◆ DESCRIPTION OF THE TASK
With the pictures left out, please return exactly the line holding "港股易鑫集团盘中大涨逾13%" and each following line until the entries end.
== Segment start ==
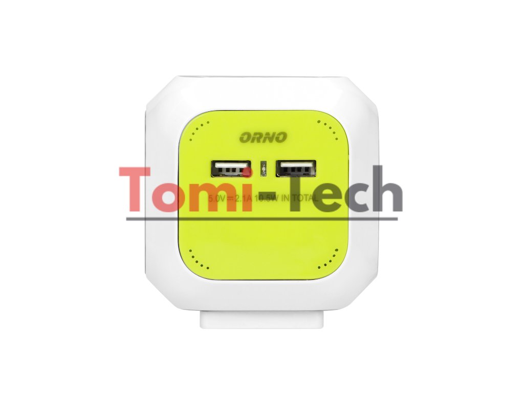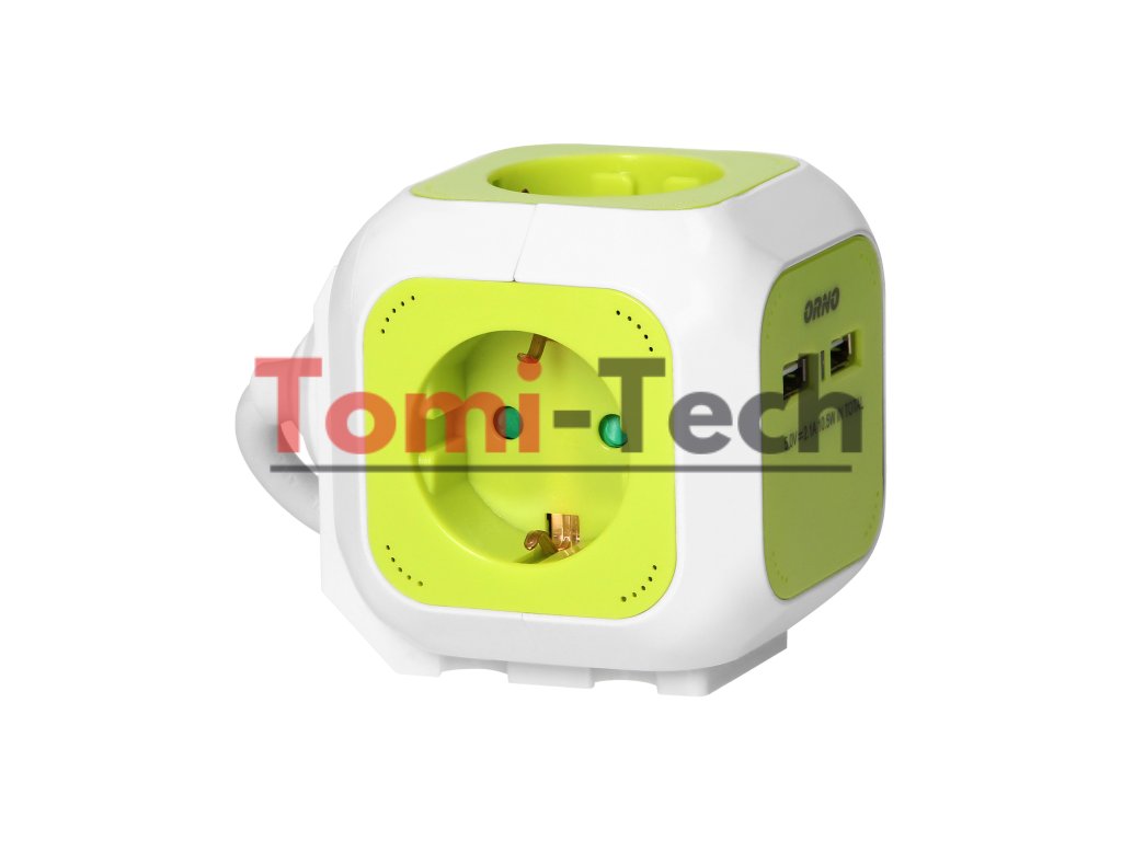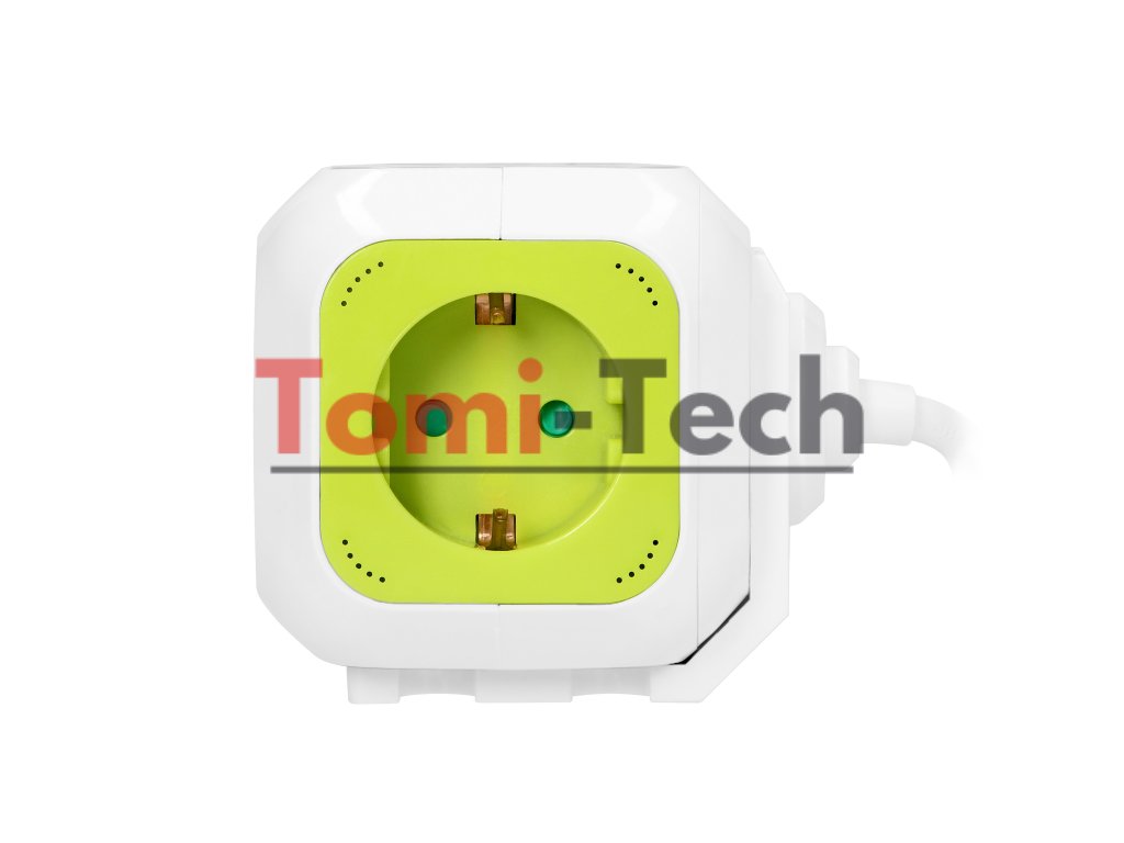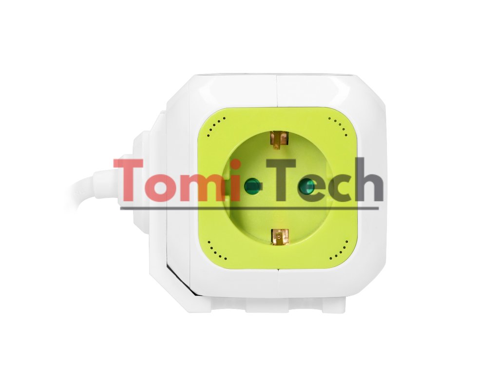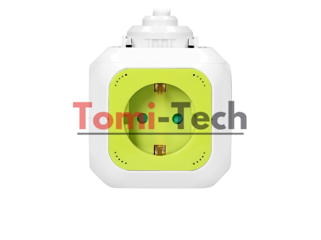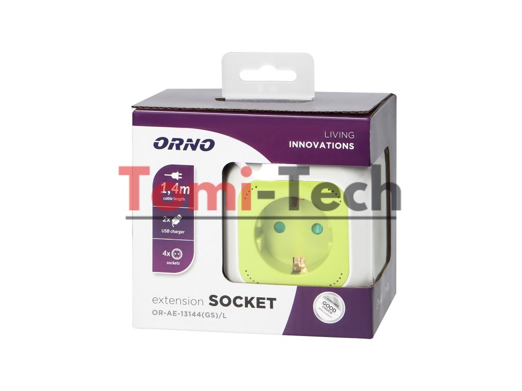 Predlžovací kábel Cube 4-cestný (Schuko) s 2xUSB nabíjačkou 1,4 m limetková
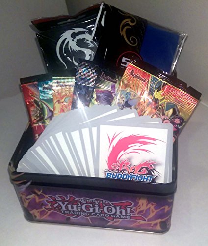 -. Feature : Great Future Card Buddyfight Bundle / Comes with a Yugioh Tin to store your cards / 6 Booster packs / Deck box Sleeves / 60 Random Buddyfight Cards in addition to everything above
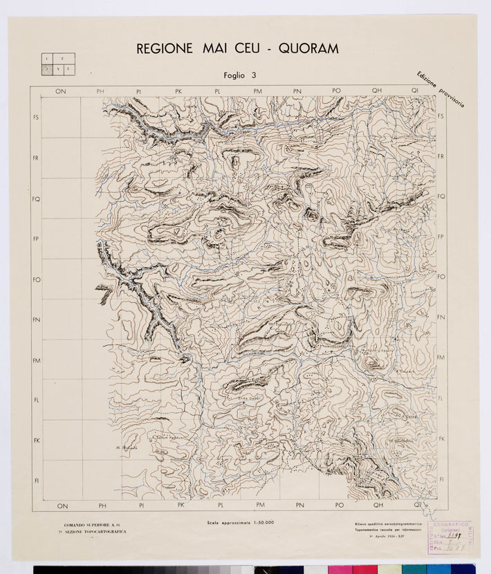 "Autore Comando Superiore A.O.. - Settima sezione Topocartografica. Rilievo speditivo aereofotogrammetrico. La toponomastica è stata raccolta attraverso informazioni."
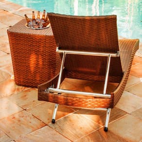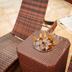 3 Espreguiçadeiras e Mesa Grécia com Balde em Alumínio para Piscina, Jardim, Área - Trama - Marrom Escuro
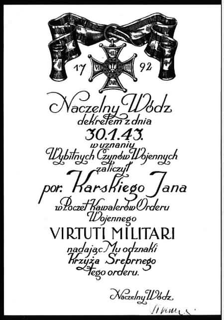 Не знал о нем и генерал Сикорский, глава польского правительства в изгнании, когда в январе 1943 года вручил орден Virtuti Militari Яну Карскому в Лондоне.
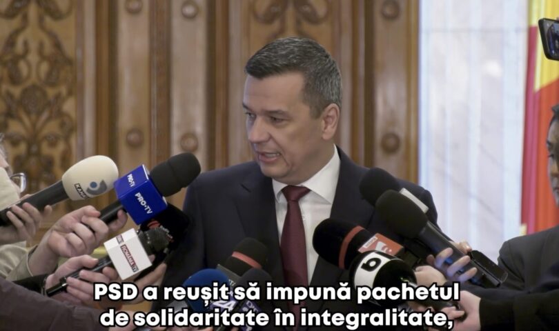 Pachetul de solidaritate a fost impus în integralitate. „Mă declar satisfăcut. Pachetul de solidaritate a fost impus în integralitate, ceea ce este un lucru bun. Rămâne un semn de întrebare legat de faptul că, la fel ca în alte situații când am venit cu o propunere, a fost nevoie de multă tensiune și, până la urmă, s-a ajuns la soluția propusă de PSD”, a afirmat Sorin Grindeanu.
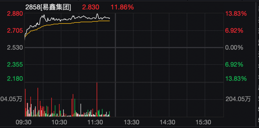 港股易鑫集团盘中大涨逾13%
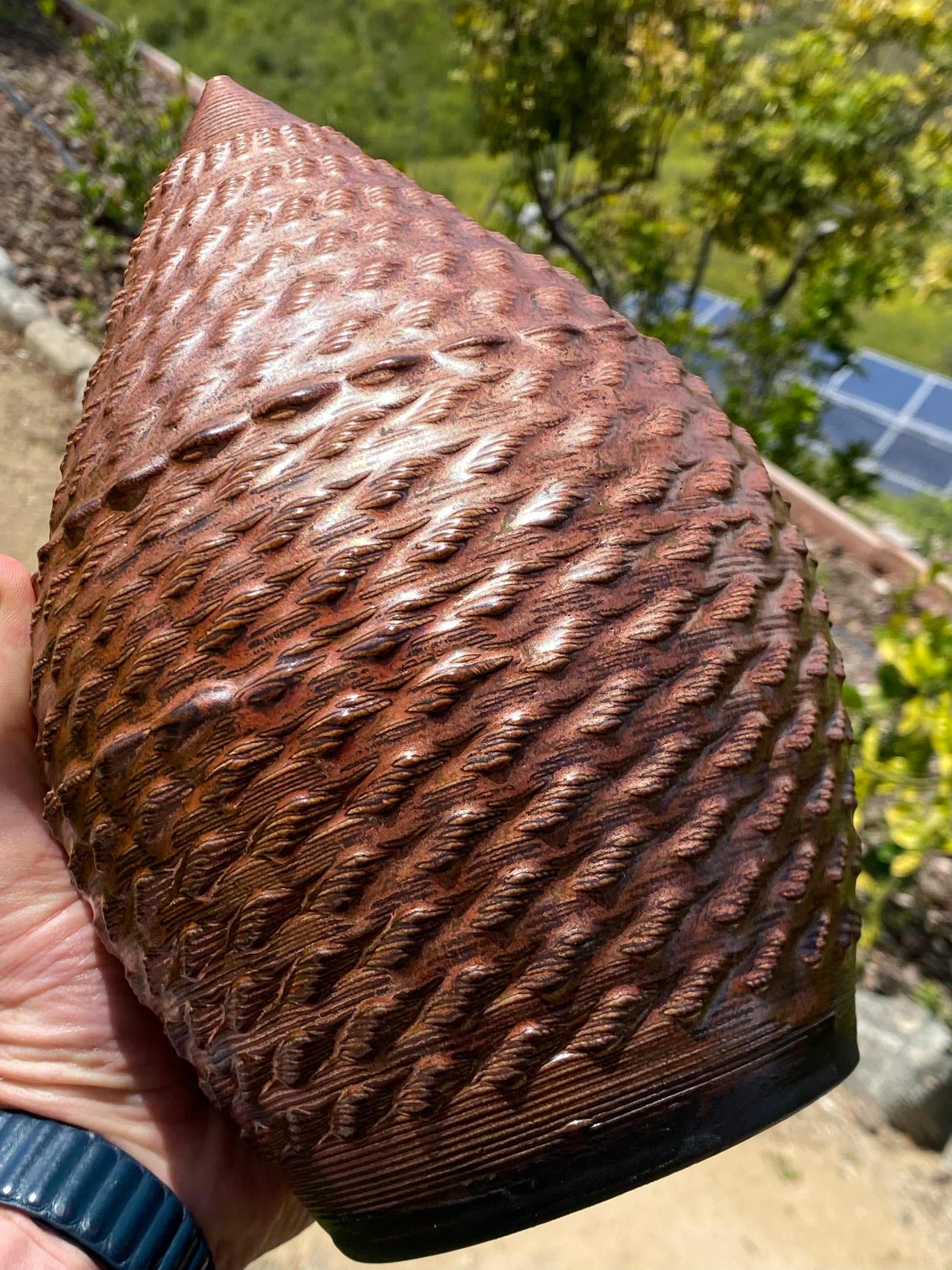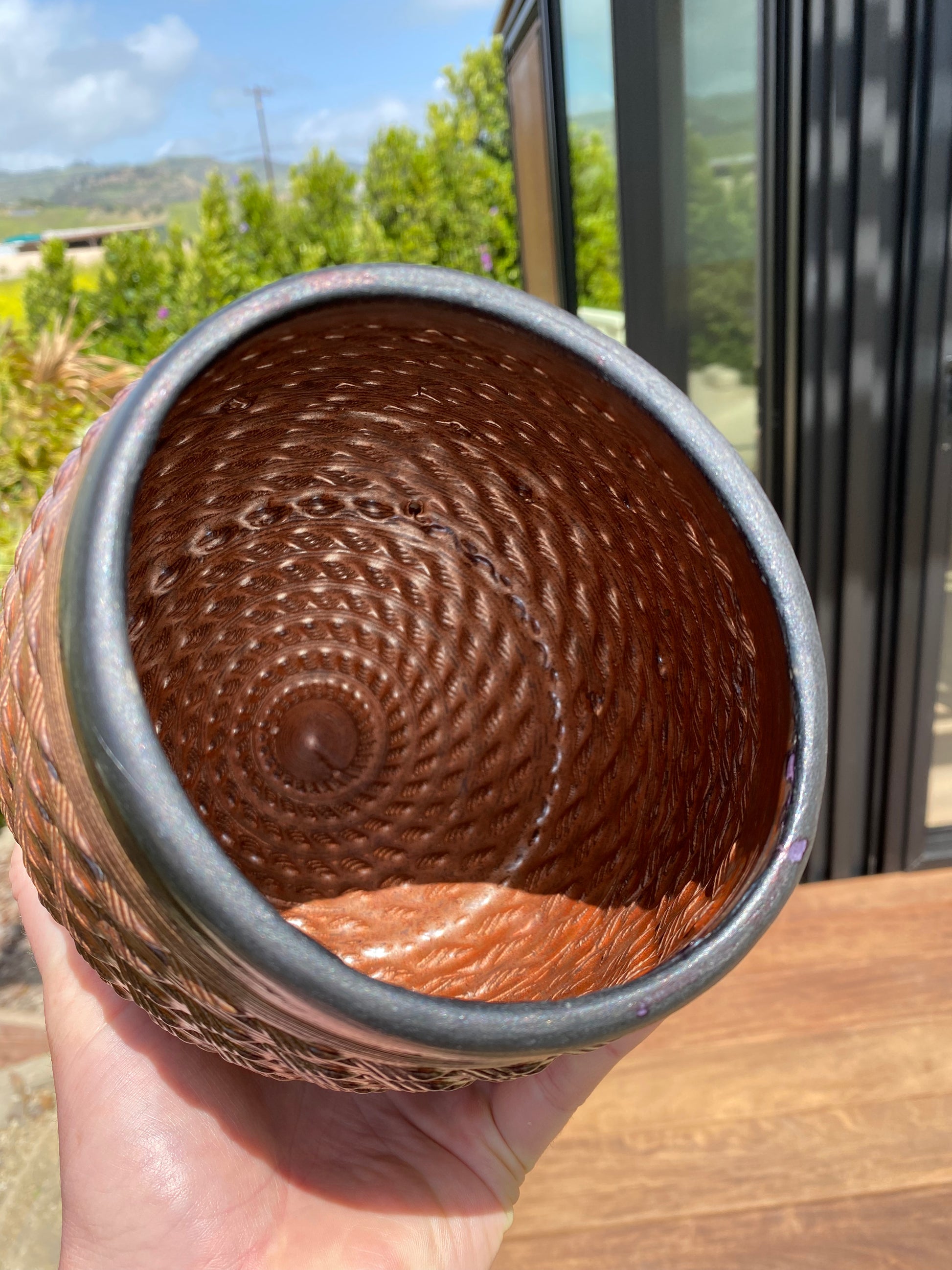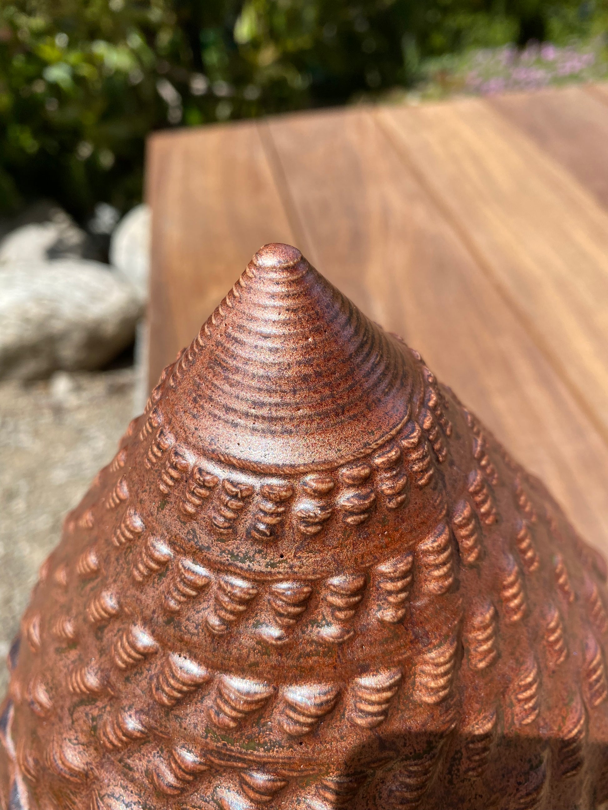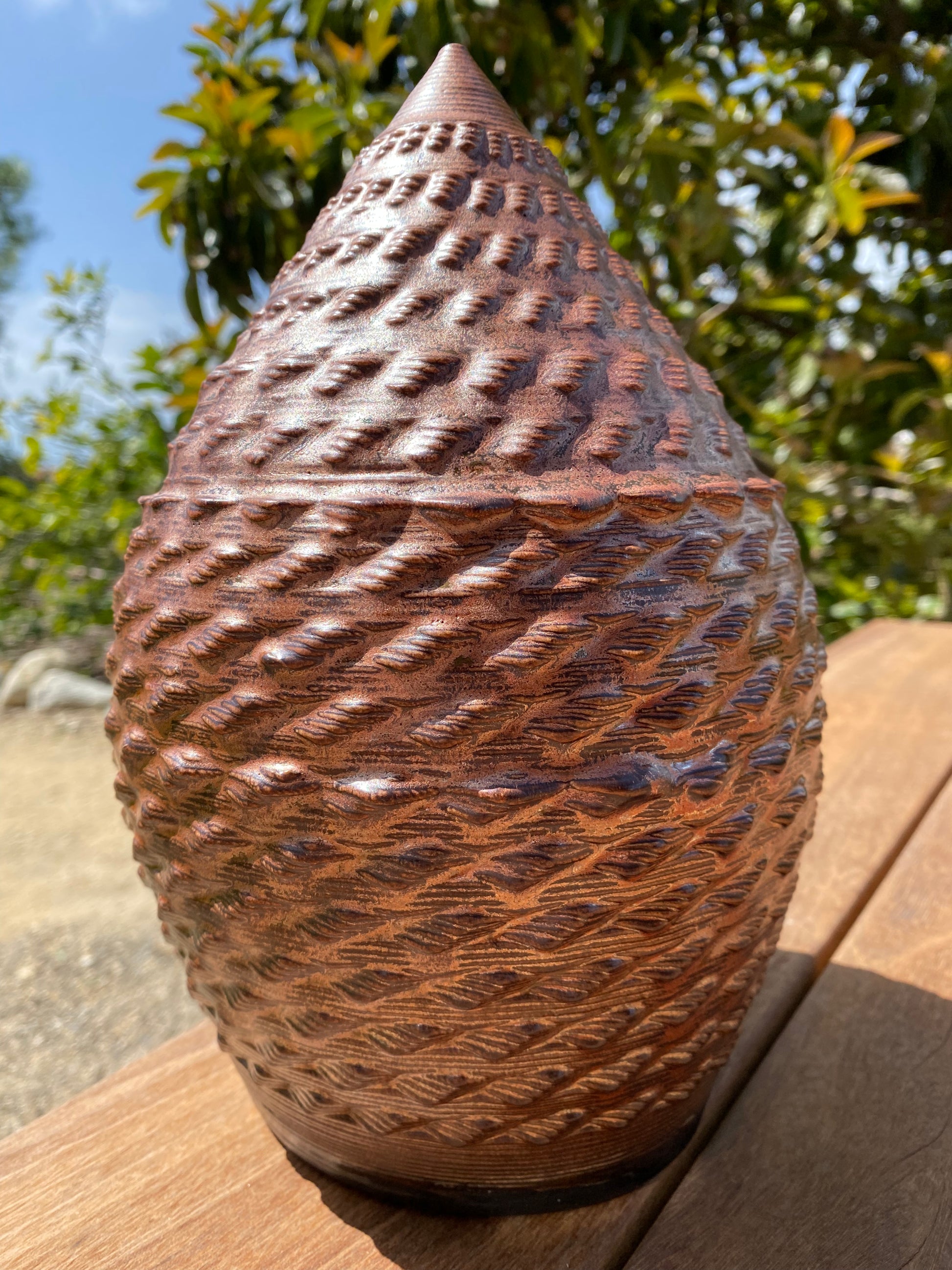 - The profound flux and "glass in motion" created by the ceramic firing process takes rich, layered glazes and manifests a metallic copper shell.
== Segment end ==
◆ TASK SOLUTION
 港股易鑫集团盘中大涨逾13%
 - The profound flux and "glass in motion" created by the ceramic firing process takes rich, layered glazes and manifests a metallic copper shell.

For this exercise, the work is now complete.